The project comes at a time when Egypt’s tourism industry is hoping to revive itself after a long decline. Undoubtedly, Egypt’s tourist sites will face some competition not only from NEOM but also the newly planned resorts and cities on the Saudi side of Sinai. The region may also, however, benefit from an injection of development and trade. For several years now, the Sinai peninsula has been in the grips of an ongoing crisis, with military operations carried out against militant and anti-government groups operating in the area since 2011. Resort towns, like Hurghada and Sharm El Sheikh, have been particularly vulnerable to insurgent attacks, with violence at these tourist hubs taking place in 2017, 2015, and 2005. Cities in northern Sinai such as Arash also remain in the crosshairs of clashes between the Egyptian military and rogue militants, cutting these areas off from vital necessities like food and medicine.
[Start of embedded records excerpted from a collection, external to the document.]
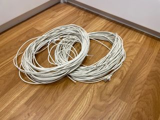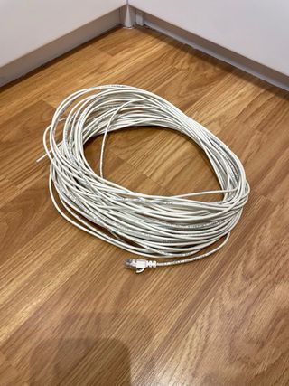 Cable de red Ethernet Cat 6A de la marca Elfcam, con una longitud de 30 metros. Es un cable ultra fino. ‼️ En un extremo tiene conector y en el otro está cortado. Habría que ponerle su conector correspondiente. ‼️Se venden juntos o por separado ‼️ Precio: 1 cable = 17€; 2 cables = 34 - Marca Elfcam - Longitud 1 cable 30m , el otro 29,60m aprox - Color blanco. - Conectores RJ45 -Elfcam - 30m Ethernet Cat 6A Ultra Fino 10Gbps 32 AWG UTP OD2.8 mm 500MHz 10Gb Fino RJ45 Cat 6A para LAN, Enrutadores, Módems, Computadoras Portátiles y Servidores Xb, Blanco, 30 Metro
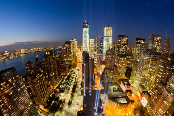 Este es el impresionante aspecto que presenta la zona del World Trade Center. «Tribute in Light 9/11» , un recuerdo a las víctimas del atentado contra las Torres Gemelas perpetrado el 11 de septiembre de 2001.
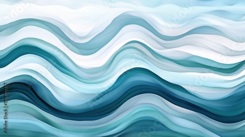 A serene abstract design with soft, flowing gradients in deep teal, aqua, and pale white shades, reminiscent of calm sea waves. The gentle curves evoke tranquility and the smooth transition of water
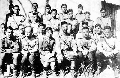 1943年,抗联部分将士转入苏联境内,周保中(前排右三)与抗联教导旅部分干部合影。
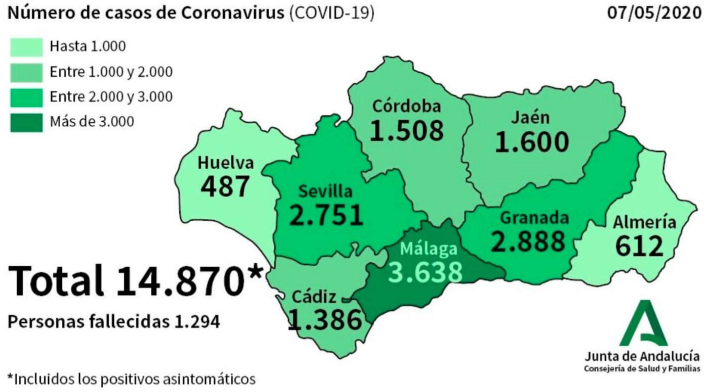 La Consejería Salud y Familias informa del aumento de 45 nuevos casos de Coronavirus en las últimas horas en Andalucía. Así se refleja en el comunicado del Coronavirus de fecha 7 de mayo 2020, en el que la Consejería Salud y Familias informa que se han confirmado en Andalucía 231 nuevos casos de Coronavirus en las últimas horas, por lo que el número total de afectados en nuestra Comunidad asciende a 14.870.
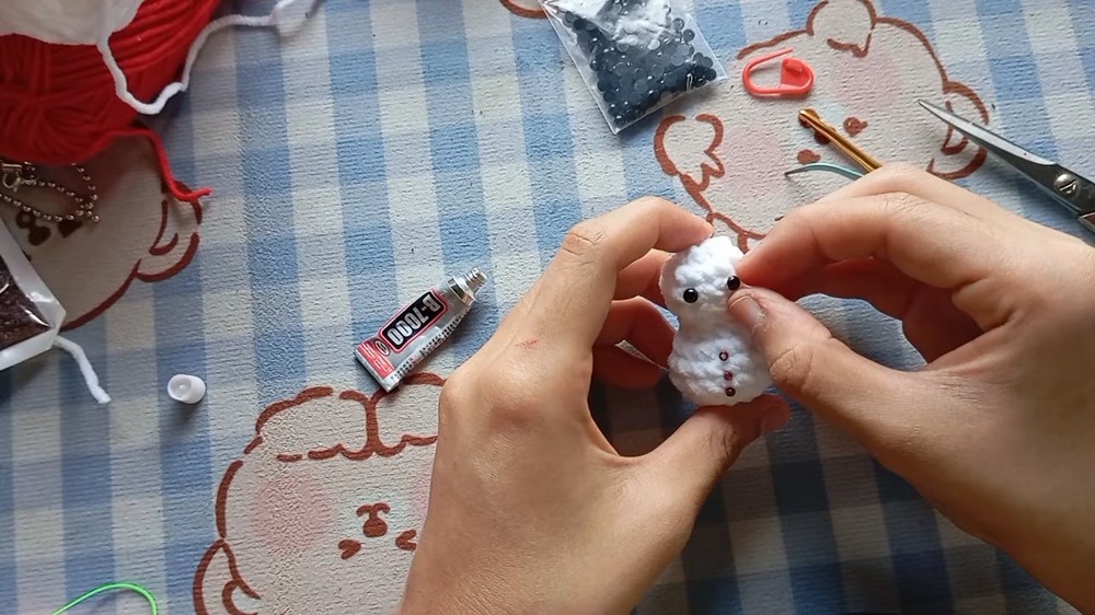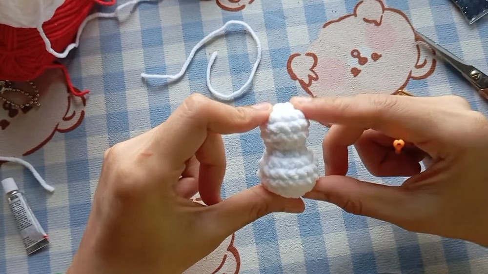 - Use the needle to hide the yarn tail inside the snowman.
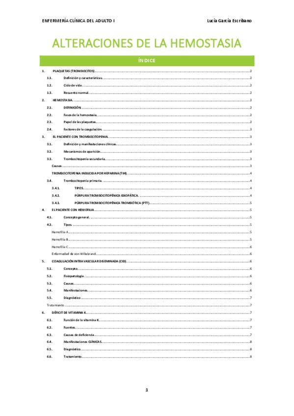 He publicado nuevos apuntes de 2º Enfermería Clínica del Adulto I: ALTERACIONES-DE-LA-HEMOSTASIA.pdf
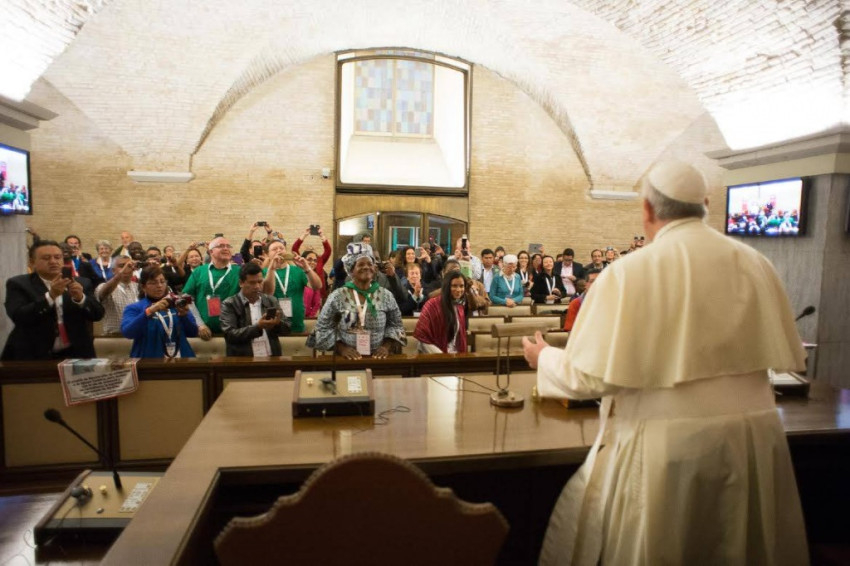 Peter Turkson bíboros, az Igazságosság és Béke Pápai Tanácsának elnöke a Szentatyát köszöntő rövid beszédében kiemelte, hogy a vatikáni dikasztérium a Társadalomtudományi Pápai Akadémia és az érintett mozgalmak vezetőivel együttműködésben szervezte a most zajló kongresszust. A találkozó célja, hogy megszilárdítsa a népmozgalmak hálózatát, elősegítse a kölcsönös megismerést és az együttműködést e mozgalmak és a helyi egyházak között, amelyeket a világ különböző részéről érkezett püspökök és pasztorális munkatársaik képviselnek. Mindannyian elkötelezetten dolgoznak az emberi méltóság és az emberi jogok előmozdításáért és védelméért.
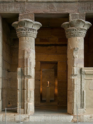 As duas colunas que simbolizam o Sul (Alto Egipto) e Norte (Baixo Egipto). Não é um faraó, é o Imperador Augusto a fazer uma oferta aos deuses Isis e Osiris, a quem o templo é dedicado.
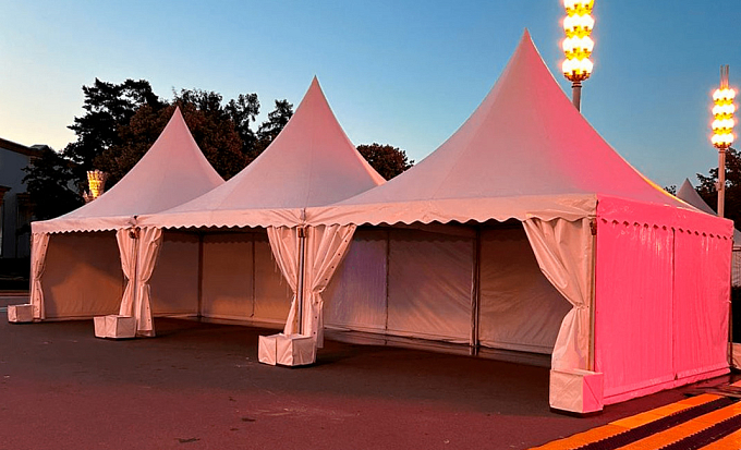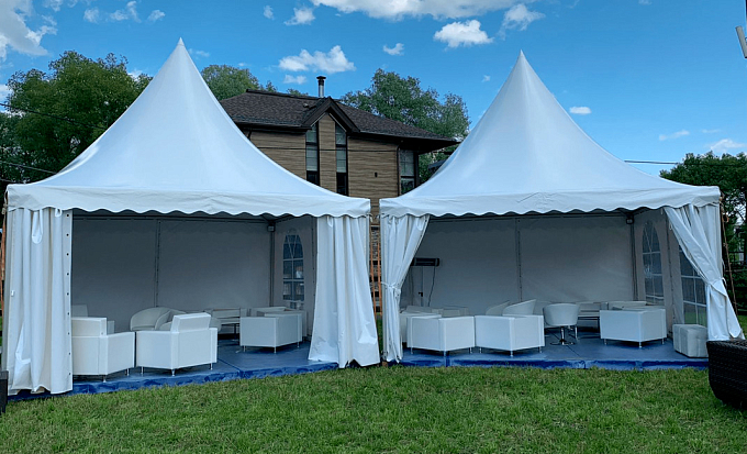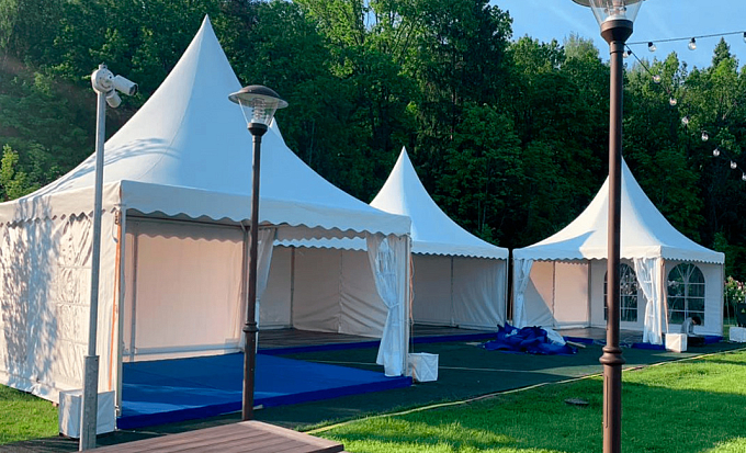 Pagoda chodirlari oilaviy tadbirlarni tashkil qilish uchun ham, korporativ tadbirlarni o'tkazish uchun ham, ko'rgazma va taqdimotlar uchun ham javob beradi. Chodirni har qanday tekis yuzaga joylashtirish mumkin: asfaltdan binoning tomigacha.

The Sinai’s Bedouins and villagers continue to suffer from these insurgencies and military operations, and their help is critical in aiding Egyptian military efforts against these groups. Despite some Bedouin assistance to the government, most tribes have remained staunchly uninvolved in Sisi’s war. As a result of past and current grievances, general distrust exists between the tribes and the military.

If the Egyptian government focuses its Sinai efforts on projects like NEOM, at the expense of the indigenous population, then these groups will likely become even more politically and economically alienated. Indeed, modernization efforts in Egypt generally have not benefited native peoples; the construction of the Aswan Dam was notorious, for example, in driving out Nubians from their lands, an event that continues to have an impact on the community today.

In creating NEOM, it is important the Egyptian government promotes inclusive economic and land policies for the area’s native peoples. Consulting with tribes and providing them with opportunities to contribute politically and economically should be a primary concern, in order to prevent the community’s further disenfranchisement. Finding this balance is key to aiding Egypt’s fight against instability and bringing economic revitalization to the Sinai region.